===== Dataset extract =====

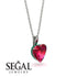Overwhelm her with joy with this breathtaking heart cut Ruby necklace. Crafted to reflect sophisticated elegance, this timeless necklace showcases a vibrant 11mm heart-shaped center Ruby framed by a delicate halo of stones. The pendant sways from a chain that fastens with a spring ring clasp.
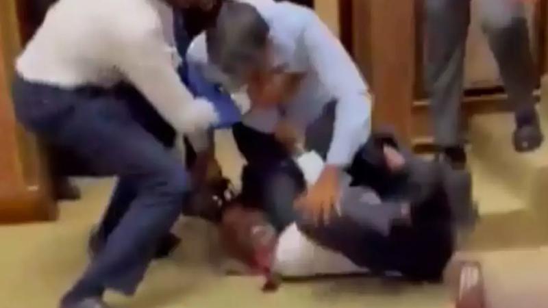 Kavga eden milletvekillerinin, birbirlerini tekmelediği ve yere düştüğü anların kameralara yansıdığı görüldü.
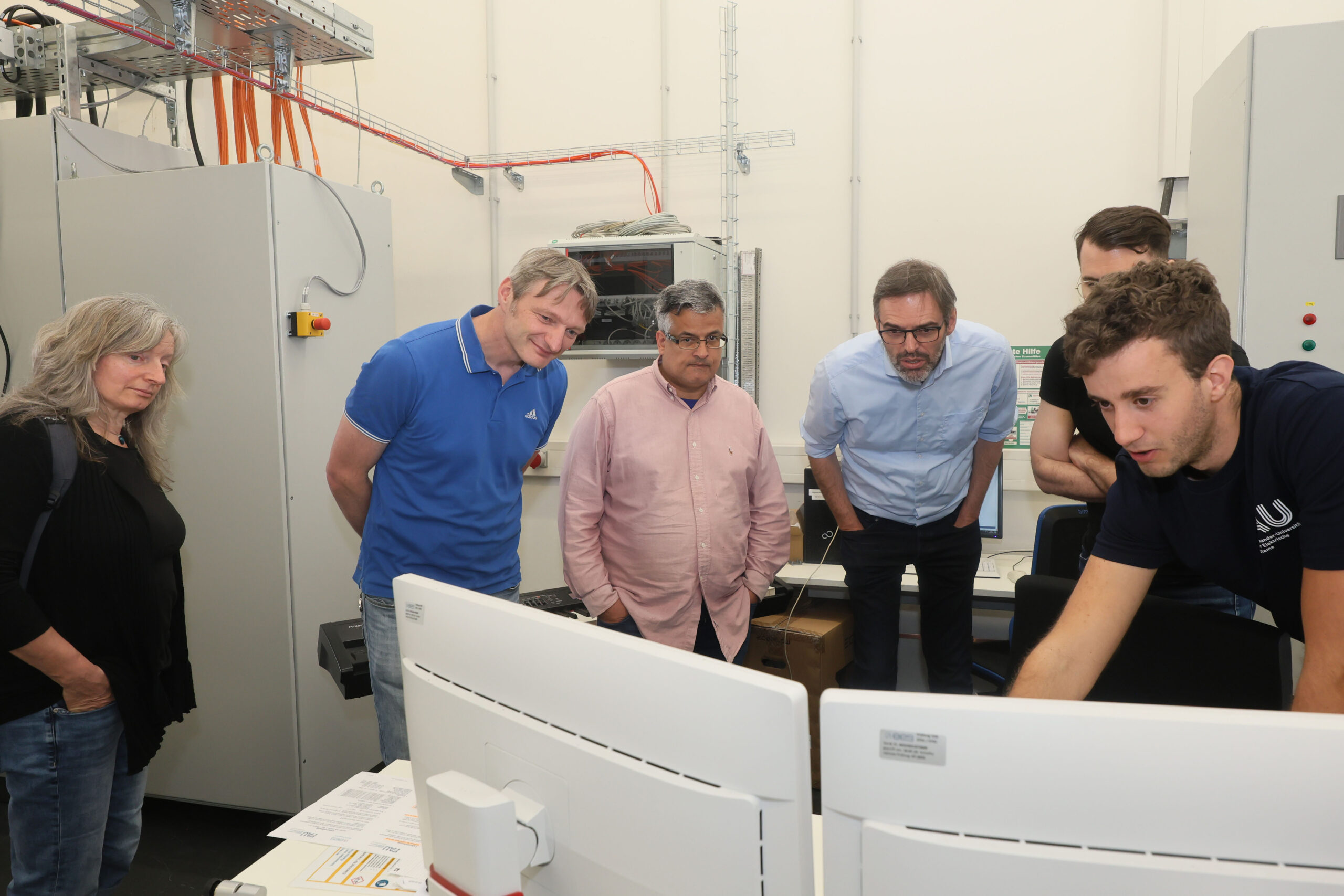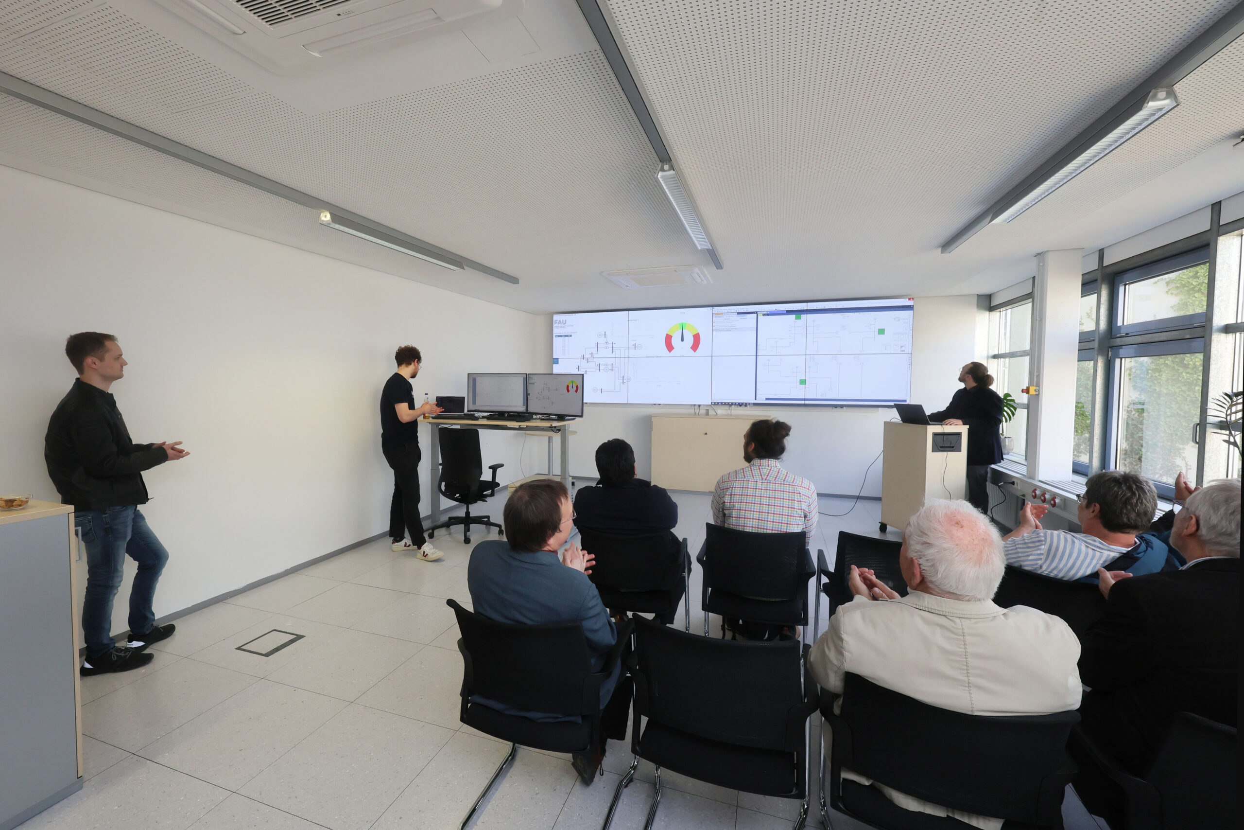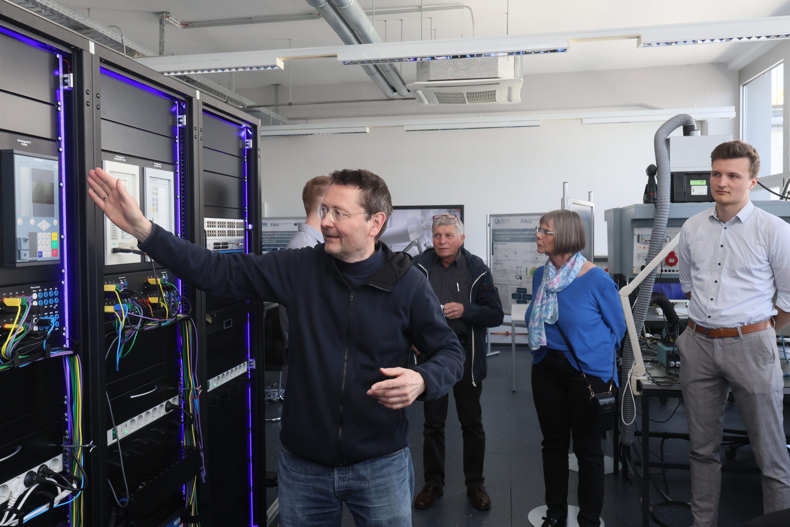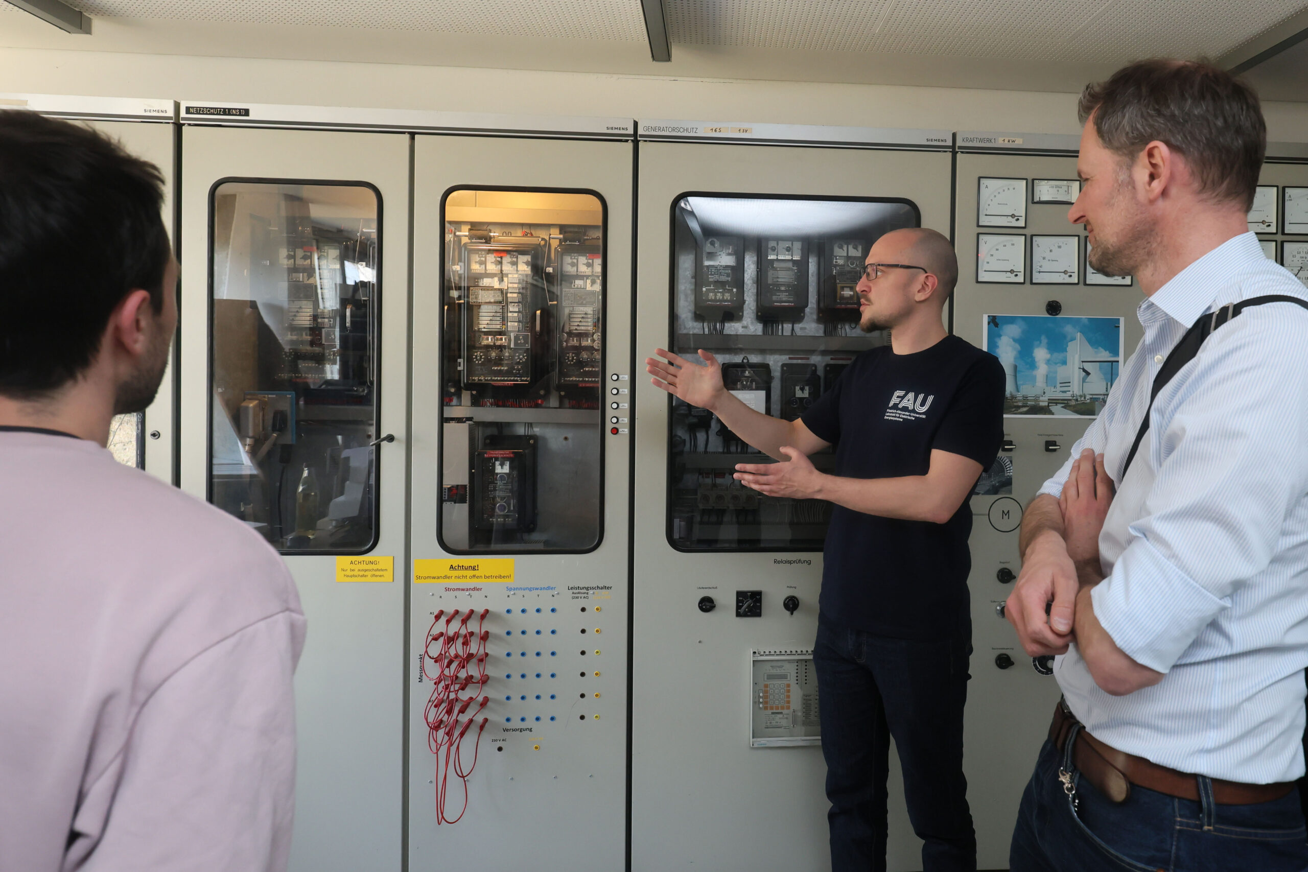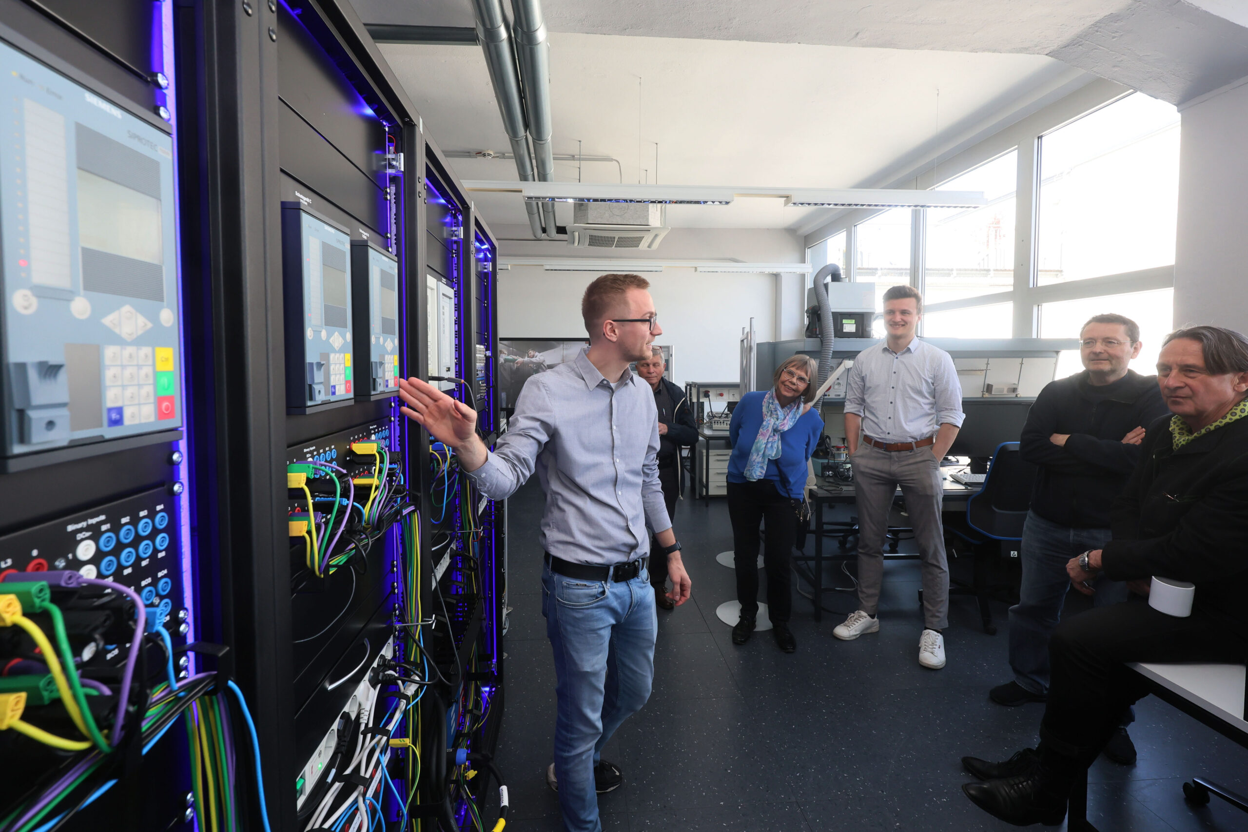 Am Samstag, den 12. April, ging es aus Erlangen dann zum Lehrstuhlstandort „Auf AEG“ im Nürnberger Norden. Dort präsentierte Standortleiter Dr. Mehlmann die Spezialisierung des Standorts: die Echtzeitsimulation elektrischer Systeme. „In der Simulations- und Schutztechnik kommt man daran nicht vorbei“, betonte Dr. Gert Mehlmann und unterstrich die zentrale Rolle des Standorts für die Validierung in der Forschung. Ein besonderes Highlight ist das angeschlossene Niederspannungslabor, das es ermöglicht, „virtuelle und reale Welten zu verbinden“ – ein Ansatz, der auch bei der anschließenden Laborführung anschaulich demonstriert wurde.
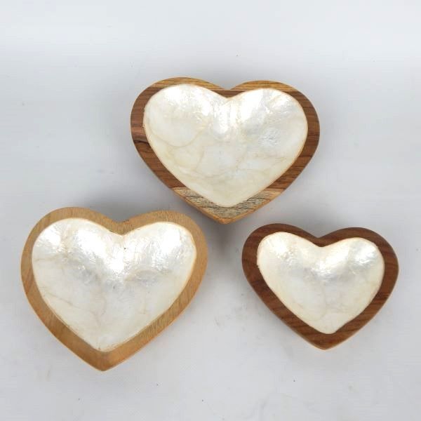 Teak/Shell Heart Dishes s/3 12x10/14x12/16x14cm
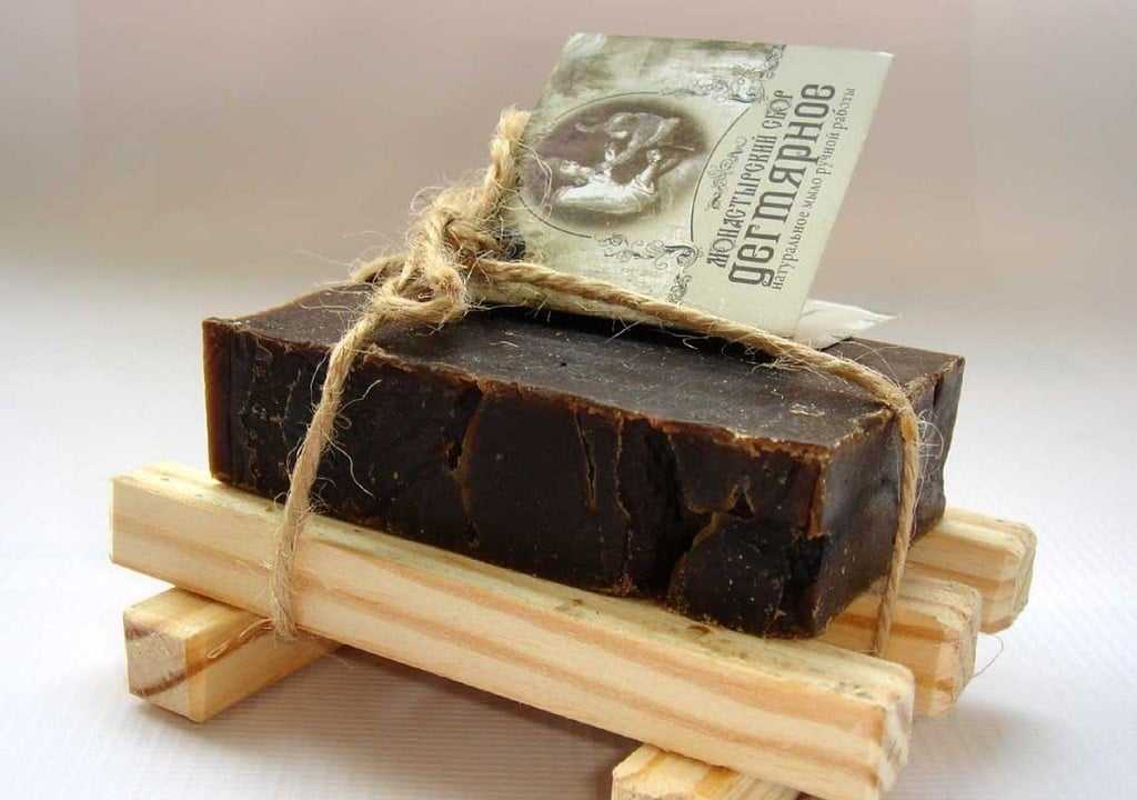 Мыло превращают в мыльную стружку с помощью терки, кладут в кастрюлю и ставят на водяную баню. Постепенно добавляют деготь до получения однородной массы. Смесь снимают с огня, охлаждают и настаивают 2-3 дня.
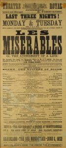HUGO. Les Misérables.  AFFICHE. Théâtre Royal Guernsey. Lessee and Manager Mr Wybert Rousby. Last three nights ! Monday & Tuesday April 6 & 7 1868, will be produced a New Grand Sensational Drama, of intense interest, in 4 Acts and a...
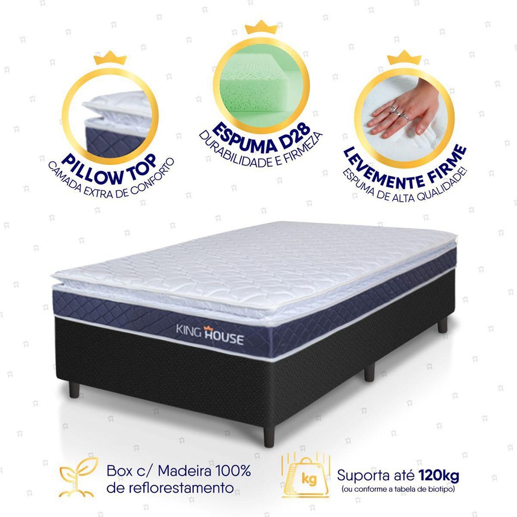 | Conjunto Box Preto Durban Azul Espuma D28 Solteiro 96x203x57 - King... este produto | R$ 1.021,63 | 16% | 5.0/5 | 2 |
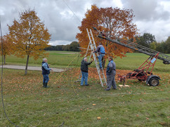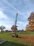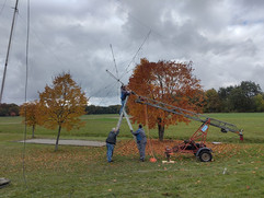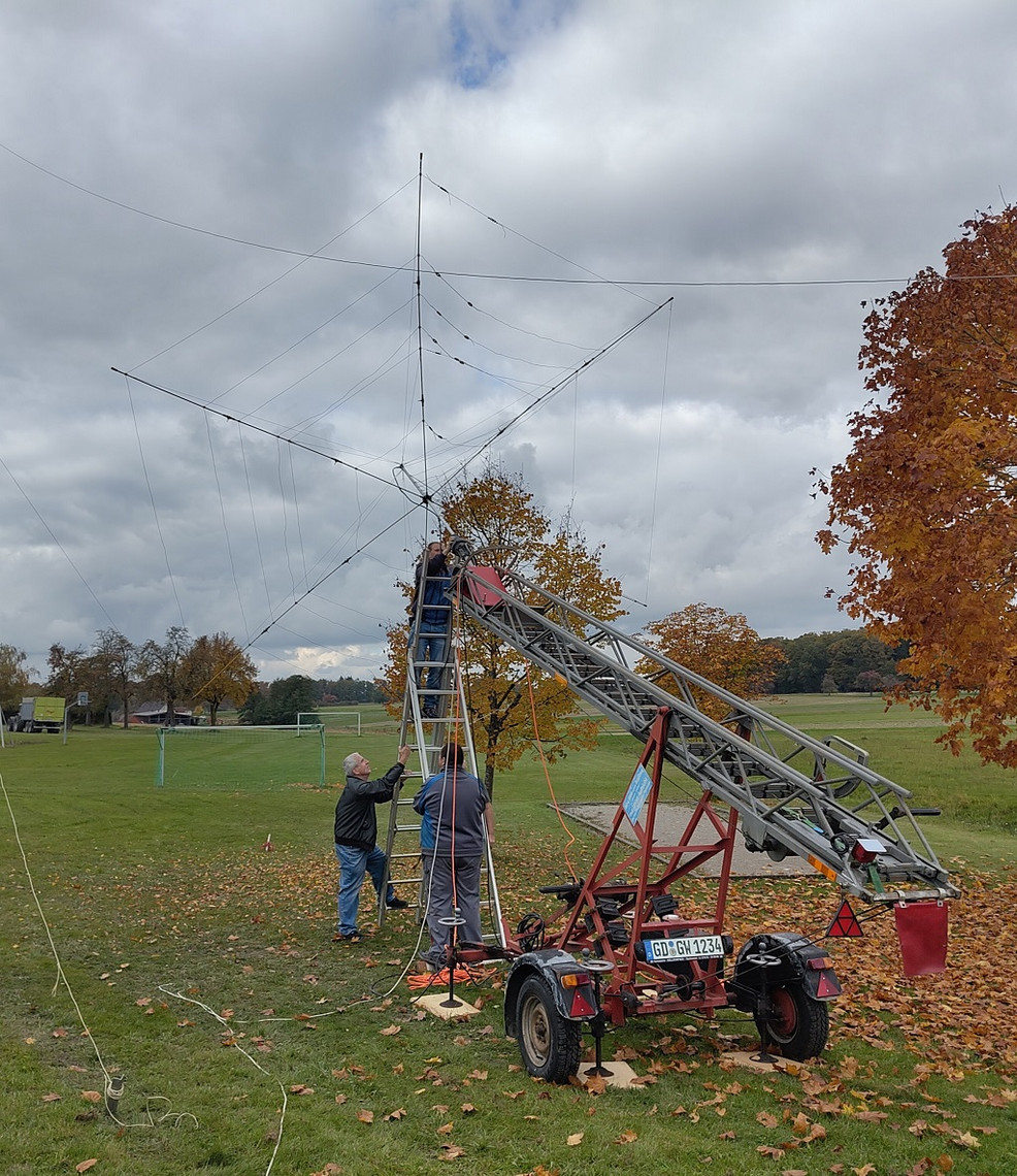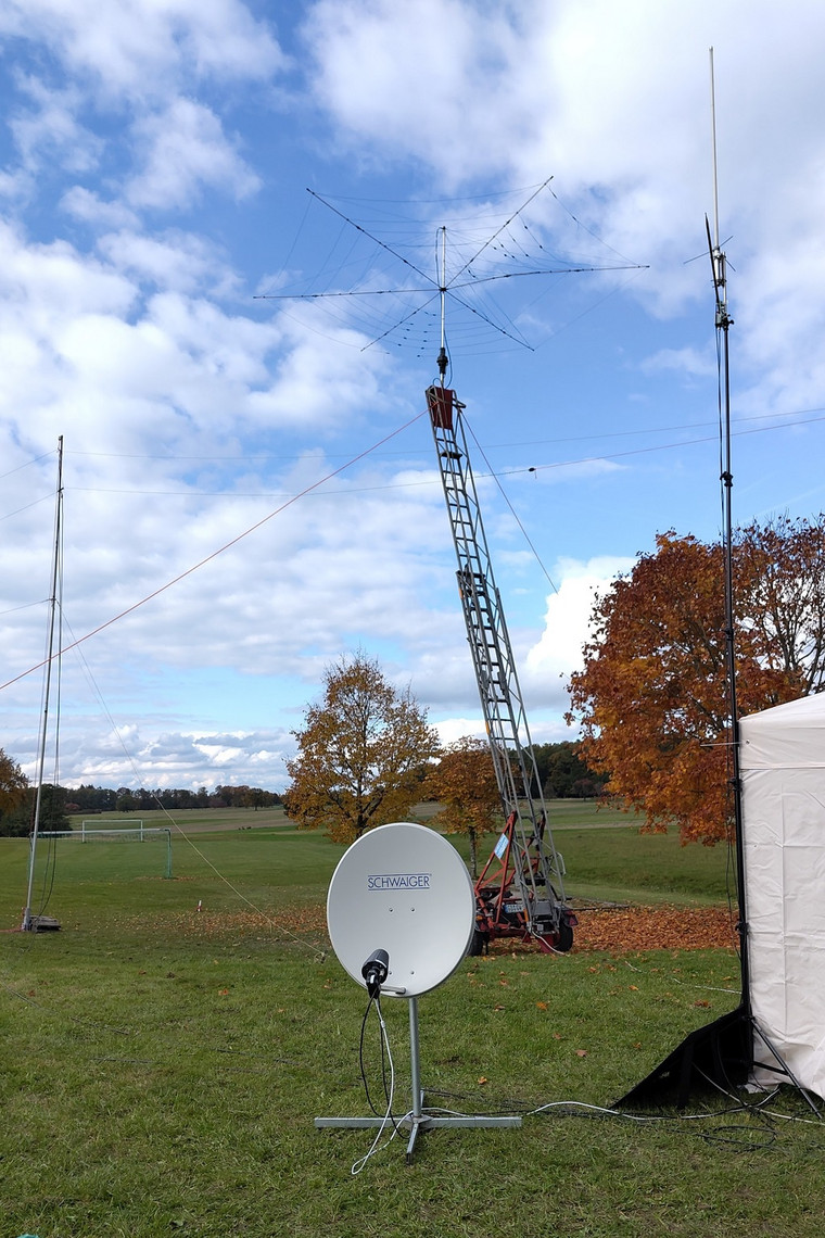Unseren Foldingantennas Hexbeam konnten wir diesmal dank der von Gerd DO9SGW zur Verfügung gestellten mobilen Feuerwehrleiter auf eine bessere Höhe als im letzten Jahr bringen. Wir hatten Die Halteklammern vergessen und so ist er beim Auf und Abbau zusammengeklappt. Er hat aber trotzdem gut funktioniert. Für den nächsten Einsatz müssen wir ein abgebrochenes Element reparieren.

=====

▶ _What is required_
All of the data above is to be repeated exactly, with the pictures left out.

▶ _Solution to the exercise_
Overwhelm her with joy with this breathtaking heart cut Ruby necklace. Crafted to reflect sophisticated elegance, this timeless necklace showcases a vibrant 11mm heart-shaped center Ruby framed by a delicate halo of stones. The pendant sways from a chain that fastens with a spring ring clasp.
 Kavga eden milletvekillerinin, birbirlerini tekmelediği ve yere düştüğü anların kameralara yansıdığı görüldü.
 Am Samstag, den 12. April, ging es aus Erlangen dann zum Lehrstuhlstandort „Auf AEG“ im Nürnberger Norden. Dort präsentierte Standortleiter Dr. Mehlmann die Spezialisierung des Standorts: die Echtzeitsimulation elektrischer Systeme. „In der Simulations- und Schutztechnik kommt man daran nicht vorbei“, betonte Dr. Gert Mehlmann und unterstrich die zentrale Rolle des Standorts für die Validierung in der Forschung. Ein besonderes Highlight ist das angeschlossene Niederspannungslabor, das es ermöglicht, „virtuelle und reale Welten zu verbinden“ – ein Ansatz, der auch bei der anschließenden Laborführung anschaulich demonstriert wurde.
 Teak/Shell Heart Dishes s/3 12x10/14x12/16x14cm
 Мыло превращают в мыльную стружку с помощью терки, кладут в кастрюлю и ставят на водяную баню. Постепенно добавляют деготь до получения однородной массы. Смесь снимают с огня, охлаждают и настаивают 2-3 дня.
HUGO. Les Misérables.  AFFICHE. Théâtre Royal Guernsey. Lessee and Manager Mr Wybert Rousby. Last three nights ! Monday & Tuesday April 6 & 7 1868, will be produced a New Grand Sensational Drama, of intense interest, in 4 Acts and a...
 | Conjunto Box Preto Durban Azul Espuma D28 Solteiro 96x203x57 - King... este produto | R$ 1.021,63 | 16% | 5.0/5 | 2 |
Unseren Foldingantennas Hexbeam konnten wir diesmal dank der von Gerd DO9SGW zur Verfügung gestellten mobilen Feuerwehrleiter auf eine bessere Höhe als im letzten Jahr bringen. Wir hatten Die Halteklammern vergessen und so ist er beim Auf und Abbau zusammengeklappt. Er hat aber trotzdem gut funktioniert. Für den nächsten Einsatz müssen wir ein abgebrochenes Element reparieren.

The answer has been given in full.